WHAT YOU ARE ASKED TO DO >>
From the first line of the data down to the line bearing "#ParisianKitchen #ChicMonochrome #ElegantKitchen", output every line exactly and include no pictures.

** Opening DATASET EXCERPTS block **

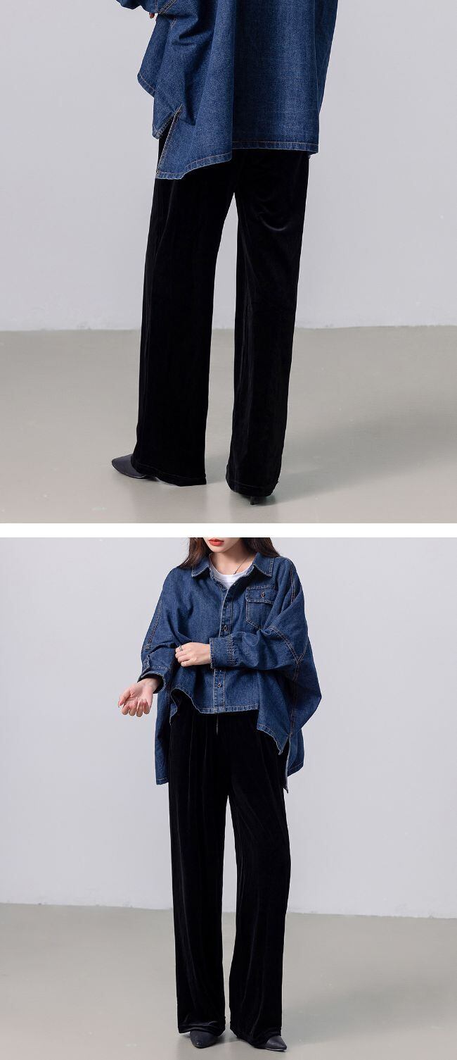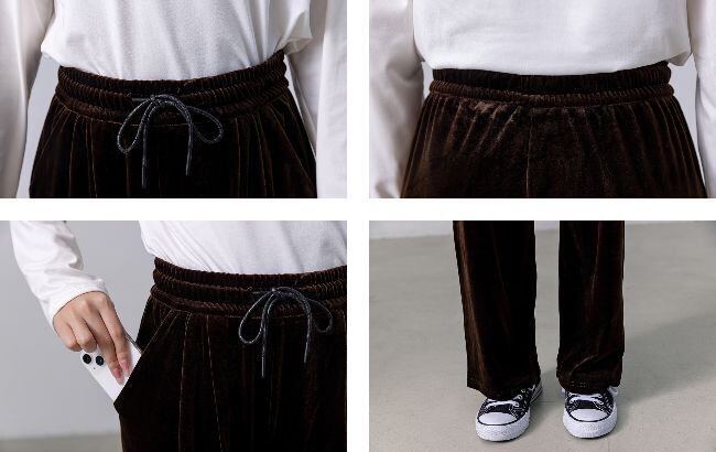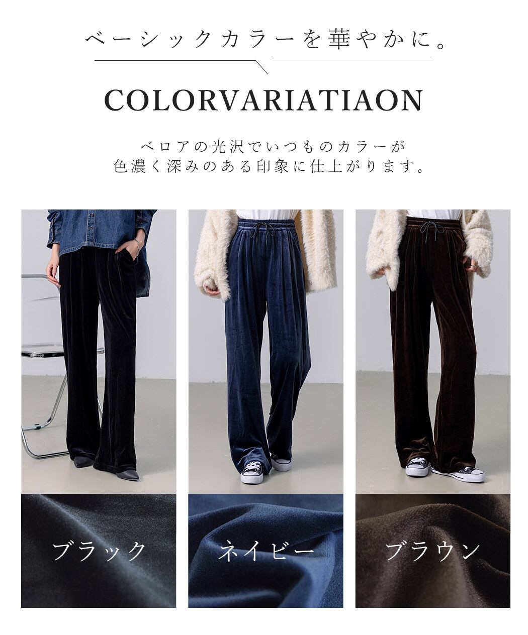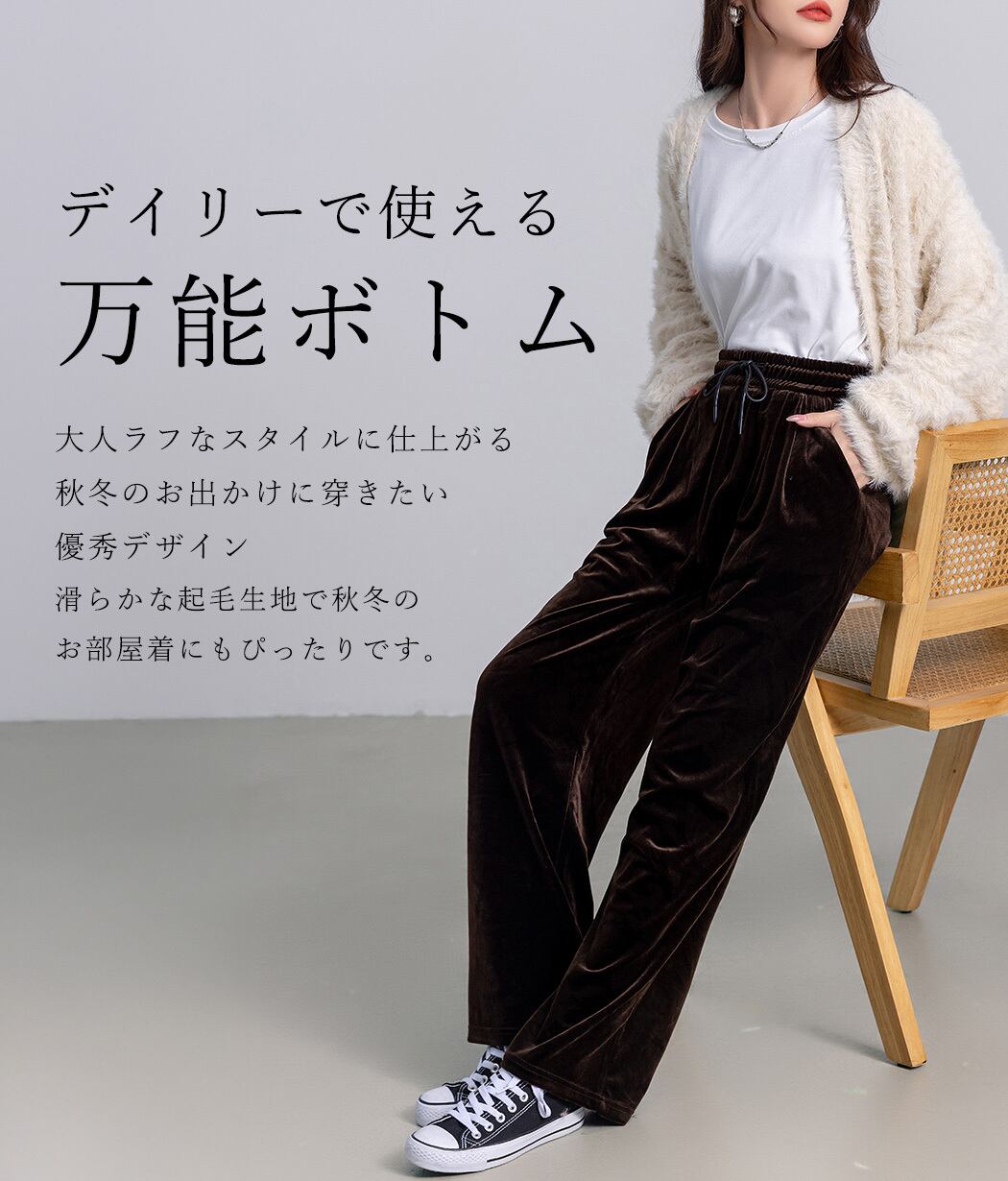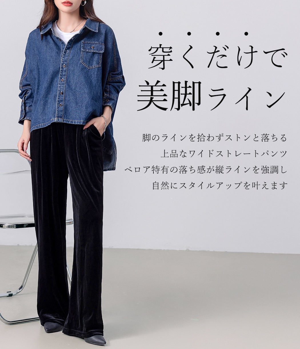 ベロア特有の落ち感が縦ラインを強調し自然にスタイルアップを叶えます
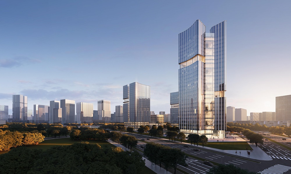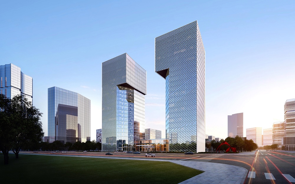 9号地块项目紧邻石家庄站东广场,是步入石家庄的一道标志性景观,彰显了城市的重要门户形象。以“城市之门”为设计理念,通过简洁的形体削切,打造高品质的金融双塔,展现具有未来视野的新时代金融办公企业总部形象。
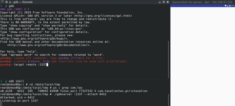 · /data/local/tmp/gdbserver :1337 –attach $pid
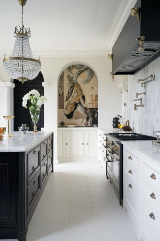 #ParisianKitchen #ChicMonochrome #ElegantKitchen #MarbleAndBrass #LuxuryKitchen #ParisStyle #KitchenGoals#home#decor
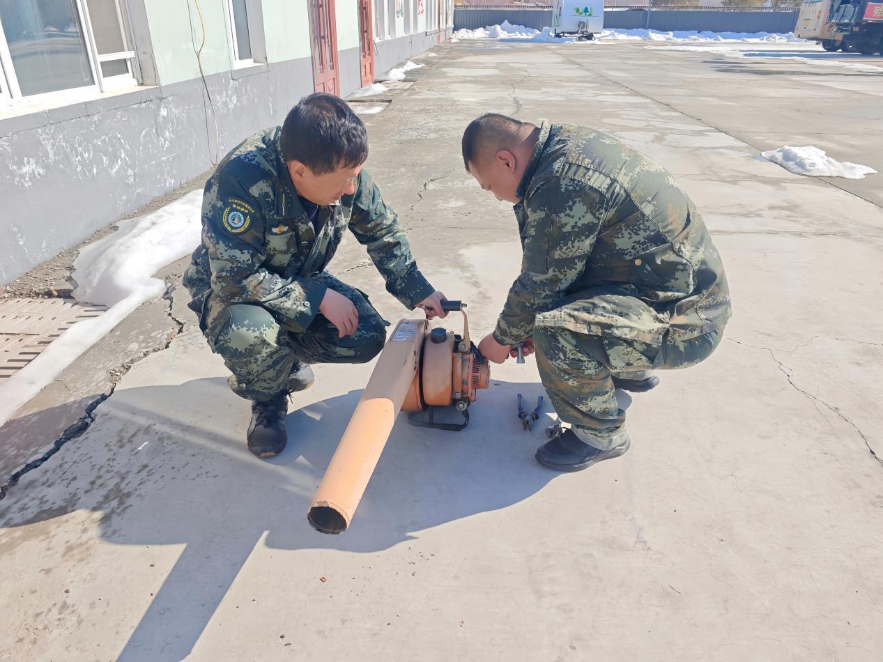 林場(chǎng)專業(yè)人員正在檢修風(fēng)力滅火機(jī)(李輝 攝)
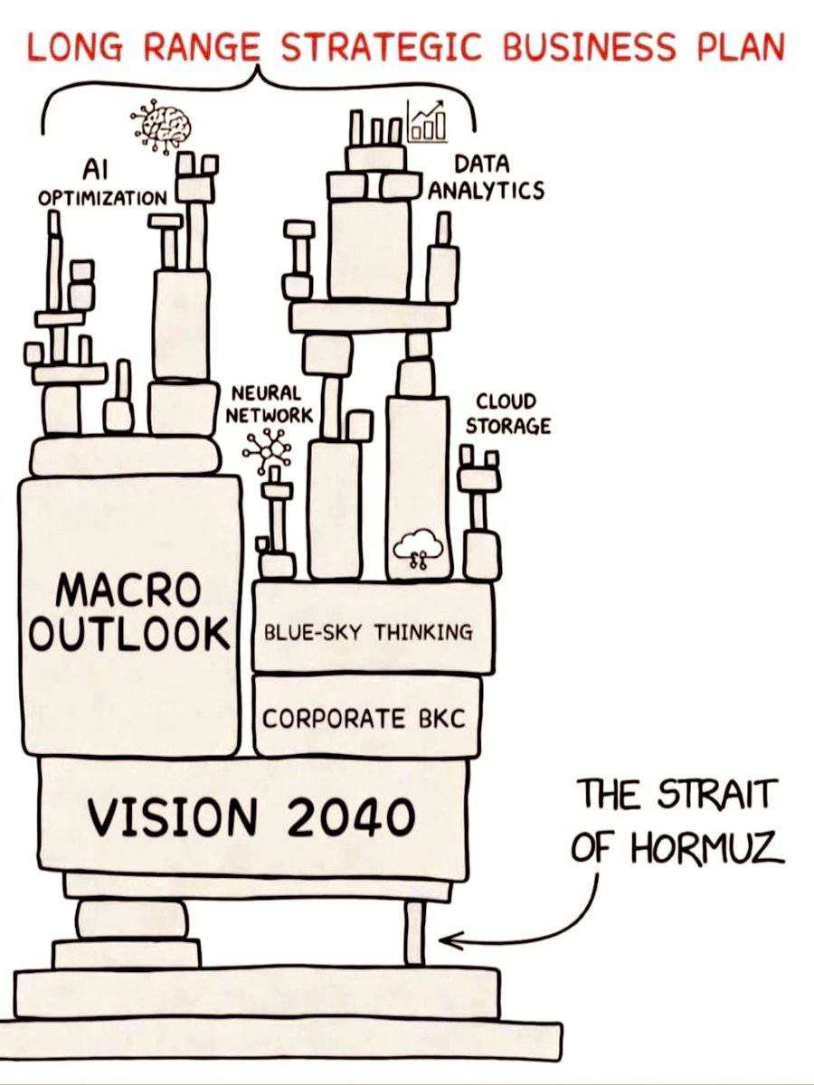 Geez Lee - chill out!    The posting was meant to demonstrate that no matter how high or deep our thinking, decisions made and discarded, bureaus formed and unformed, clouds filled with data etc - at the moment if the little plank of Hormuz goes away - it all turns to custard.     I thought it a very good “cartoon"
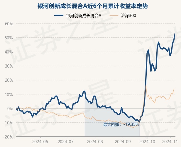 证券之星消息,11月7日,银河创新成长混合A最新单位净值为6.124元,累计净值为6.124元,较前一交易日上涨3.16%。历史数据显示该基金近1个月上涨26.81%,近3个月上涨52.44%,近6个月上涨52.78%,近1年上涨27.84%。该基金近6个月的累计收益率走势如下图:
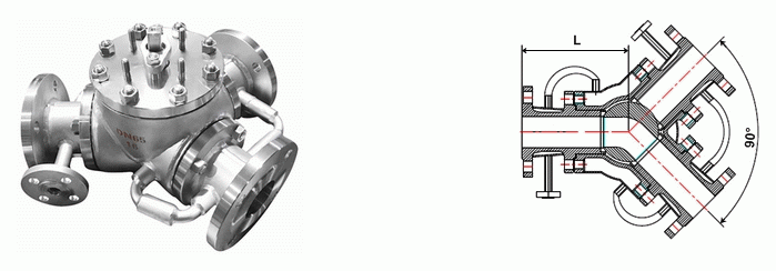 保温三通换向阀球体与阀杆为一体铸造成型,从而提高了同心度精度,其可根据工况需要,将阀体两出口端之间的夹角设计成45°、60°、90°、120°及其他角度等。该阀不仅具有保温保冷的特点,而且能对物料的流动方向进行切换,如果配上电动、气动或液动装置还能实现自动控制的功能。本产品特别适合安装在Y形管路系统中放料常温下易凝固或结晶的物料。

** Closing DATASET EXCERPTS block **

TASK RESPONSE >>
 ベロア特有の落ち感が縦ラインを強調し自然にスタイルアップを叶えます
 9号地块项目紧邻石家庄站东广场,是步入石家庄的一道标志性景观,彰显了城市的重要门户形象。以“城市之门”为设计理念,通过简洁的形体削切,打造高品质的金融双塔,展现具有未来视野的新时代金融办公企业总部形象。
 · /data/local/tmp/gdbserver :1337 –attach $pid
 #ParisianKitchen #ChicMonochrome #ElegantKitchen #MarbleAndBrass #LuxuryKitchen #ParisStyle #KitchenGoals#home#decor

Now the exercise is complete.